There is one way, however, in which the averaging procedure causes a distortion of state and local tax burdens. Most states — and some cities such as New York City — levy personal income taxes that, like the federal income tax, include taxation of capital gains income. The problem here is that state and local capital gains taxes are included in the receipts component of the Commerce Department data series the Tax Foundation uses, but the capital gains income on which these taxes are levied is not included in the income component of this data series. The Tax Foundation's calculations thus fail to match the taxes it includes in the numerator of its tax burden measure to the measure of income used as the denominator. Counting taxes without counting the income on which the taxes are paid makes the percentage of income the median family pays in state income tax appear higher than it really is.(12)

Avoiding this type of error is particularly important in today's economy. Most states as well as the federal government are reporting surges in taxes on capital gains income as a result of the unusually strong performance of the stock market and the newly lowered federal capital gains tax rate that took effect last year. If total taxes, including surging capital gains taxes, are divided by a measure of income that fails to include capital gains income, tax rates will appear both to be higher and to be rising faster than is actually the case.

Counting Items That Are Not Taxes

Still another problem is that the Commerce data include as state and local government receipts a number of items that are not taxes. The Commerce data are not designed to be used to calculate tax burdens but rather to compile information on the total goods and services that make up the nation's Gross Domestic Product.(13) The Commerce Department data series includes data that differ from those one would use to compute a tax burden.

For example, the Commerce Department measure the Tax Foundation uses to derive its estimate of state and local tax burdens includes a category listed as "contributions for social insurance." The major component of this category consists of contributions that state and local government employees, and state and local governments as their employers, make to government employee retirement accounts. For the employee, these contributions are a form of personal savings he or she will receive back, with earnings, upon retirement. Should the employee cease working for the government before retirement, he or she generally is entitled to a return of these contributions. The contributions that government employees make to their own pension plans are analogous to the pension contributions that employees in the private sector make. They are not taxes.

The contributions that governments as employers make to employee pension plans also are not taxes. They are government expenditures for employee compensation. For technical reasons, the Commerce Department accounts include both as a receipt and as an offsetting outlay the transfer of government funds from general accounts to pension fund accounts. But a transfer of funds from a general government account to a pension account does not represent an additional tax, and it should not be counted as part of families' tax burdens.

Moreover, counting the transfer of such funds from one government account to another as an additional tax, as the Tax Foundation apparently does, is a clear case of double-counting. The taxes that governments collect from the public to finance government expenditures, including expenditures for pension contributions, are appropriately counted as taxes. But when these funds are then transferred from general government accounts to pension accounts, the Tax Foundation counts these funds as a tax again, causing the same dollars to be counted as taxes twice.
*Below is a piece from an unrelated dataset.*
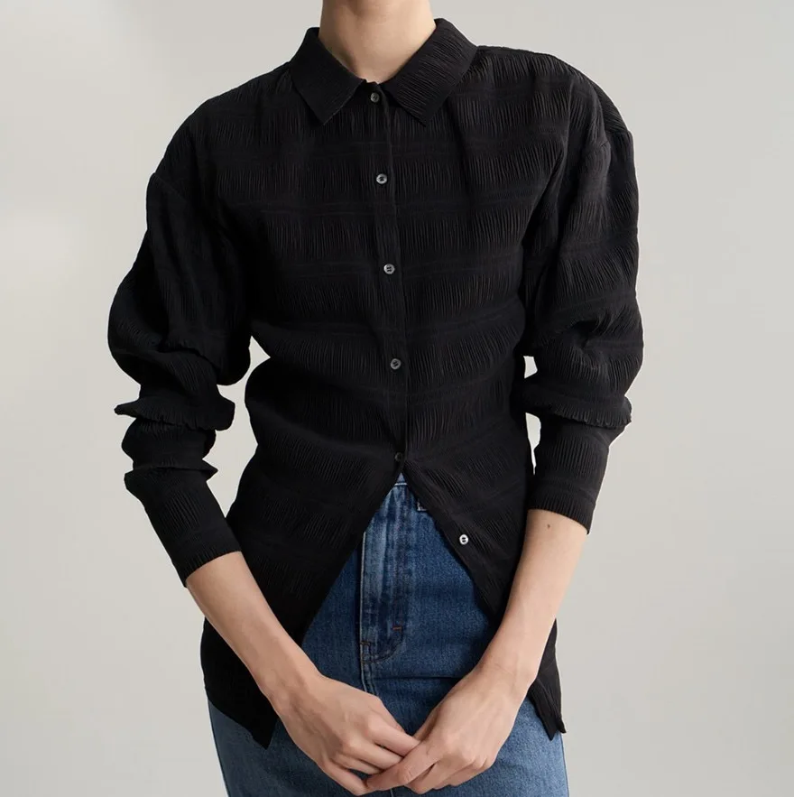 Блузка Totem * MY women, однотонная Повседневная блузка из полиэстера со складками и рукавами-фонариками

The Tax Foundation appears also to count other portions of state and local government receipts that are not taxes.(14) These include those portions of the broad "indirect business taxes" category included in the Commerce data series that consist of items such as fines collected from businesses and receipts from the rental of government property. The fines result from local and state enforcement of regulations such as building codes and from assessments such as penalties for the late filing of business license permits. These are penalties for violation of particular laws, not taxes. Similarly, receipts from the rental of government property to private parties are rent payments, not taxes.

The November 1997 Tax Foundation report stated that the average state and local tax burden was 12.1 percent of income. If the types of non-tax receipts the Tax Foundation improperly included are removed from the Commerce Department data, the average state and local tax burden drops one-sixth, to 10.1 percent.(15) (See Table 2.)

Undercounting Family Income

In addition to the two types of methodological problems described above — the overestimation of the taxes a median-income family pays and the counting as taxes of receipts that are not taxes — the Tax Foundation also undercounts the income of its median families. There is a fundamental mismatch between the broad types of taxes the Tax Foundation counts and the narrow base of income on which it assumes the burden of those taxes fall.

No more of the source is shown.